Vendredi 26 Juin 2009 -- « Je passe des vacances sans me priver de rien ! Restaurant, hôtel, plage… Même si je passe la majorité de mon temps chez ma grand-mère et mes tantes, je dépense environ 100 000 DA, ce qui est pour moi le tiers de mon salaire en France ! » Quand il revient en vacances à Alger, Hakim, 36 ans, commerçant à Paris, ne compte pas son argent. Ni pour lui, ni pour sa femme qui en profite pour acheter des cadeaux pour la famille et les amies de France, encore moins pour ses enfants qu’il emmène presque tous les jours à la piscine. À l’aéroport d’Alger, c’est déjà le rush. Avions complets, bagages prêts à exploser, familles au grand complet… Comme tous les étés, revoilà les « zmegra » et leurs euros. Mais il n’existe pour l’instant aucun chiffre officiel, ni sur leur nombre réel (dixit l’Office national des statistiques), ni sur le budget qu’ils dépensent pendant leurs vacances. « Car le phénomène est trop récent, les émigrés ne revenant en Algérie en vacances que depuis les années 2000 », souligne Mourad Ouchichi, professeur d’économie à l’université de Béjaïa.

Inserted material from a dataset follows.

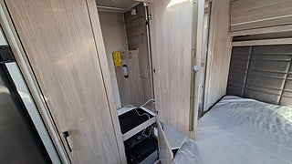 Tillverkningsår: 2021, Truma mover XT, Skick: Begagnad, Karosstyp: Enkelaxel, Planlösning: Dubbelbädd, Sovplatser: 4 bäddar, Totalvikt: 1900 kg, Tjänstevikt: 1 620 kg, Längd: 7.70 m, Bredd: 2.50 m, Reg.nr: NZD132, Golvvärme - vattenburen, Gasolspis 4 lågor, Gasolflaska, Sidokök, Kassettoalett, Bäddbar sittdel, Rundsoffa, Skofack, Batteri

« Sur la côte, certains commerçants voient leur chiffre d’affaires augmenter de 50 à 60%, témoigne Mohamed Boulaïnine, membre de l’Union générale des commerçants et artisans algériens, à Sétif. L’artisanat marche par exemple de mieux en mieux. L’an dernier à Azazga et à Tizi Ouzou, je me souviens de pénuries chez certains artisans ! » Farida, mère et grand-mère de 60 ans, émigrée à Paris depuis plus de trente ans, confie : « Il y a certains articles que je préfère acheter en Algérie car ça me revient moins cher, surtout depuis la crise financière. Par exemple, j’ai acheté un pétrin à 30 000 DA en Algérie, car l’électroménager en France revient beaucoup plus cher. » Et d’ajouter : « Idem pour les vêtements et les chaussures, certes imitées mais à moitié prix par rapport aux italiennes et françaises produites avec du véritable cuir et autres matières qui rendent leur prix excessif ! J’ai même acheté une série de couverts d’orfèvrerie à 18 000 DA il y a quelques années, alors que je ne rêve même pas de me le payer en France. » Soraya, de Paris, renouvelle, quant à elle, « tous les accessoires de la voiture comme les housses, les tapis et même le parasoleil ! Au souk, tout est disponible à des prix accessibles ». Rideaux, draps, couvertures, téléphones portables…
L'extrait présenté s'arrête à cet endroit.